Reproduce the data that follows character for character, but omit its pictures.

▶ [DATA BELOW]
—————

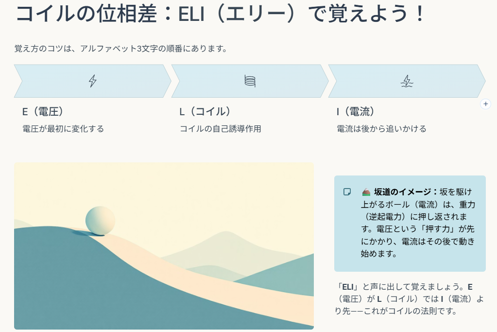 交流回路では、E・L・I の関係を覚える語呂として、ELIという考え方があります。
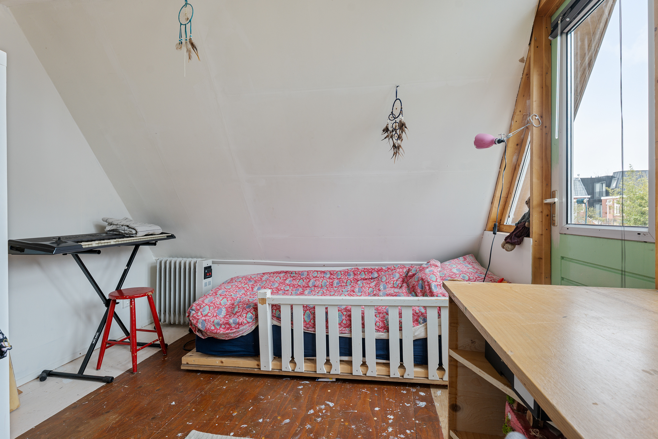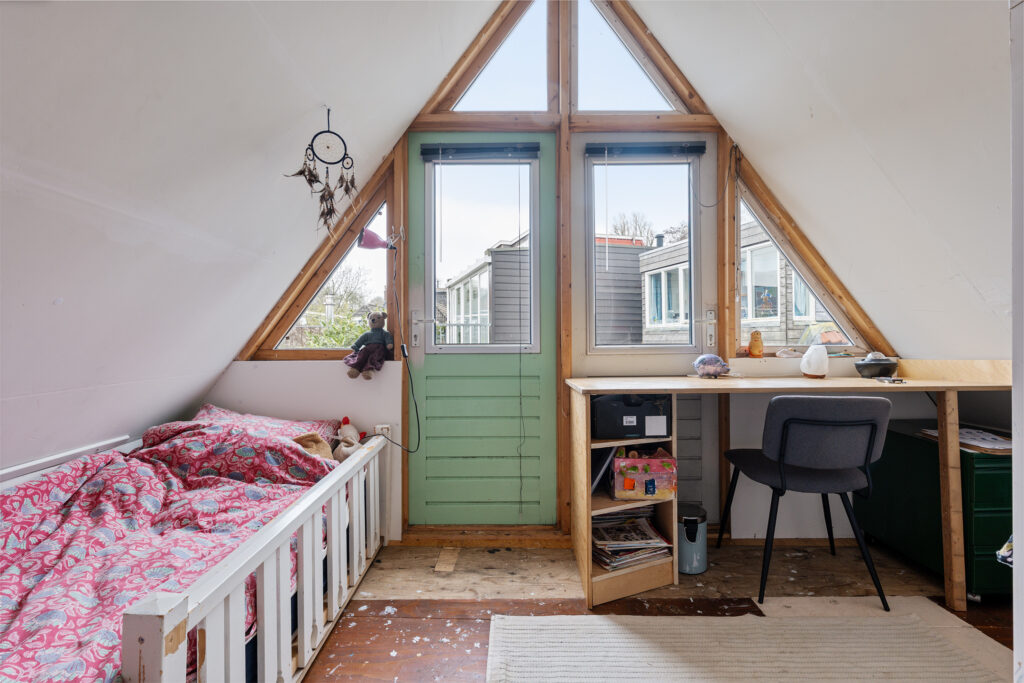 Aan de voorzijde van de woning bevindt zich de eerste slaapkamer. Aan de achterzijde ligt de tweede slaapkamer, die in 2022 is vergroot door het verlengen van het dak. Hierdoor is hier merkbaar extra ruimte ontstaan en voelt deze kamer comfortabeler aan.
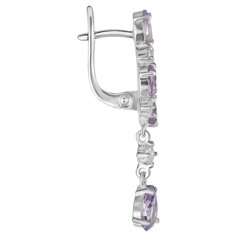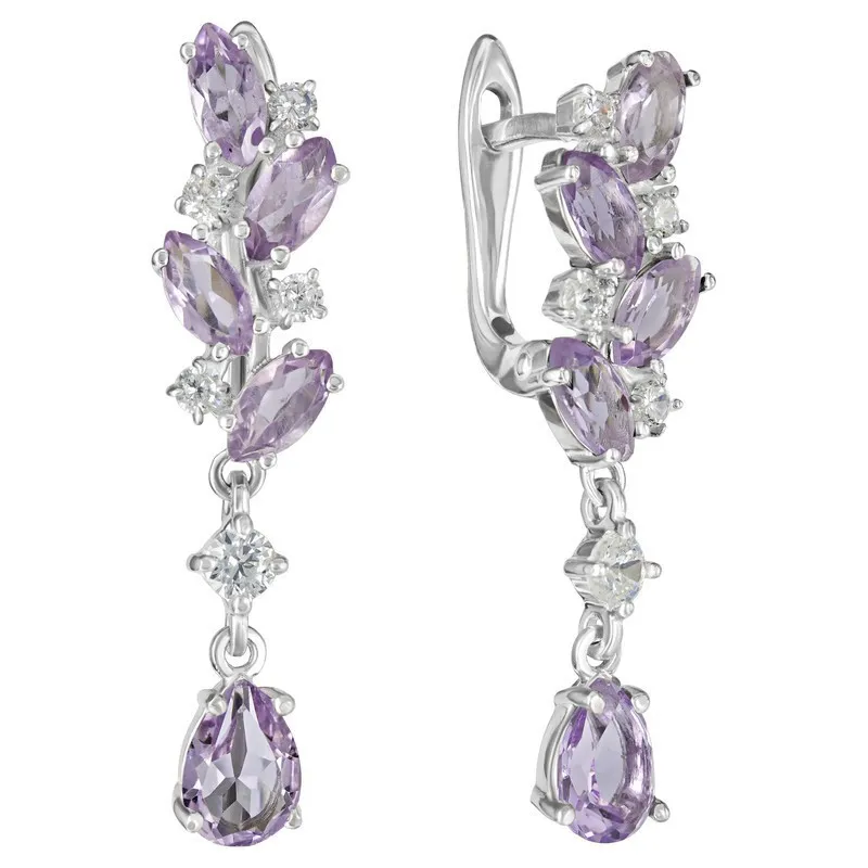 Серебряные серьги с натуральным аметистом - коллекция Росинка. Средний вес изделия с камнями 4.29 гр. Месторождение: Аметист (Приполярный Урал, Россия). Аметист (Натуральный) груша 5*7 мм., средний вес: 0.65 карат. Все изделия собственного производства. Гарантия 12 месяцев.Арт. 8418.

—————

▶ [EXERCISE RESULT]
 交流回路では、E・L・I の関係を覚える語呂として、ELIという考え方があります。
 Aan de voorzijde van de woning bevindt zich de eerste slaapkamer. Aan de achterzijde ligt de tweede slaapkamer, die in 2022 is vergroot door het verlengen van het dak. Hierdoor is hier merkbaar extra ruimte ontstaan en voelt deze kamer comfortabeler aan.
 Серебряные серьги с натуральным аметистом - коллекция Росинка. Средний вес изделия с камнями 4.29 гр. Месторождение: Аметист (Приполярный Урал, Россия). Аметист (Натуральный) груша 5*7 мм., средний вес: 0.65 карат. Все изделия собственного производства. Гарантия 12 месяцев.Арт. 8418.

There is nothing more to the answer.